Restate word for word only the lines from the one with "Granatowa mucha w" through the end of the records; no pictures belong in the copy.
···
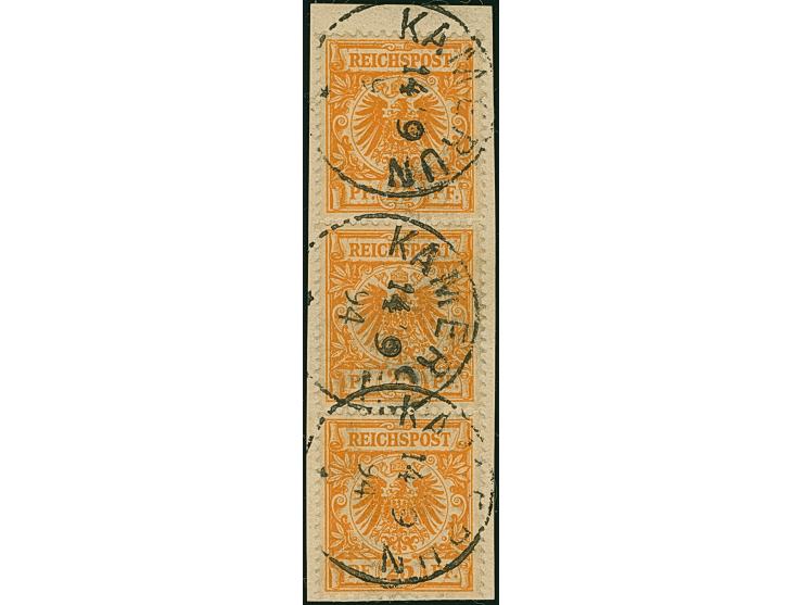 1890, Krone/Adler 25 Pfg. gelborange im senkrechten Dreierstreifen, jeweils einzeln mit Stempel “KAMERUN 14.9.94” entwertet auf Briefstück. Die obere Marke ist rechts leicht angetrennt und die untere Marke mit Scherenschnitt, in einwandfreier Erhaltung. Eine nicht häufige Einheit, signiert Bothe BPP mit Fotoattest (1976)
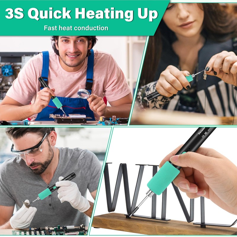 - Versatile Kit: 1×Cordless soldering iron, 3×soldering iron heads, 1×Case, 1×solder wire, 1×type-c charging cable, includes essential accessories, making it a comprehensive solution for all your soldering needs. Widely used in circuit board soldering, electrical repair, jewelry and metal headwear production, computer and DIY
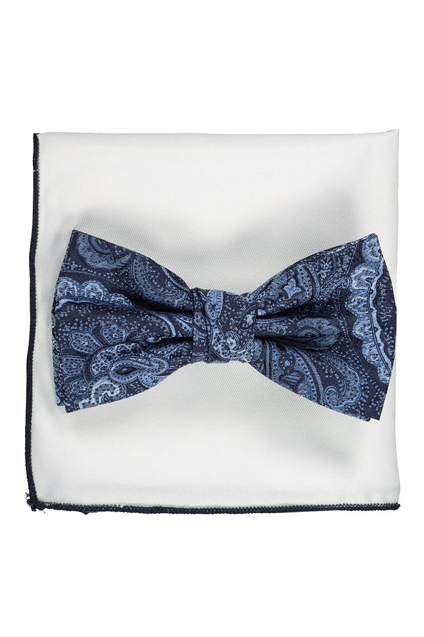 Granatowa mucha w wzór paisley. Piękny, wzorzysty model, który sprawdzi się zarówno z garniturem jak i z casualową marynarką. Posiada wygodną regulację z tyłu na guziki. W zestawie poszetka w białym kolorze.
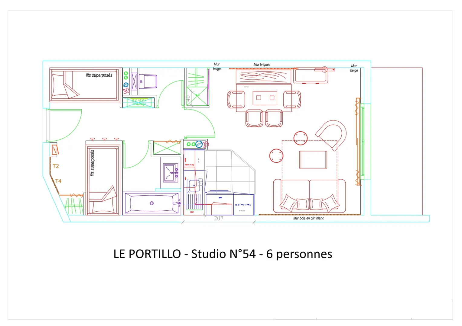 Résidence LE PORTILLO, studio pour 6 personnes, de 38m², exposé Sud, vue pistes, situé au 5°étage avec terrasse.
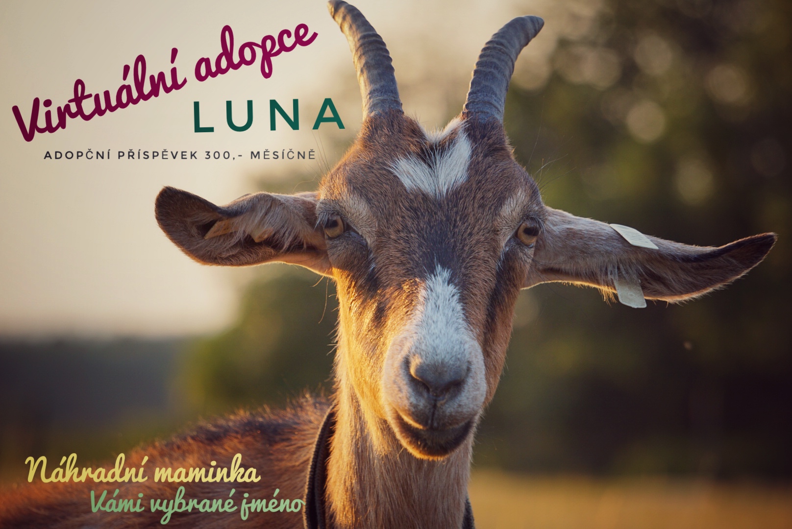 Ahoj světe, já jsem Luna, takový krásný jméno mi dali lidi z farmy, který pro mě tenkrát přijeli a zachránili mi život. Prý mám lunu na čelíčku a ještě jsem s ostatníma kozičkama spásala pastviny u Loun, tak bylo o mém jménu rychle rozhodnuto.
···
— FINISHED TASK —
 Granatowa mucha w wzór paisley. Piękny, wzorzysty model, który sprawdzi się zarówno z garniturem jak i z casualową marynarką. Posiada wygodną regulację z tyłu na guziki. W zestawie poszetka w białym kolorze.
 Résidence LE PORTILLO, studio pour 6 personnes, de 38m², exposé Sud, vue pistes, situé au 5°étage avec terrasse.
 Ahoj světe, já jsem Luna, takový krásný jméno mi dali lidi z farmy, který pro mě tenkrát přijeli a zachránili mi život. Prý mám lunu na čelíčku a ještě jsem s ostatníma kozičkama spásala pastviny u Loun, tak bylo o mém jménu rychle rozhodnuto.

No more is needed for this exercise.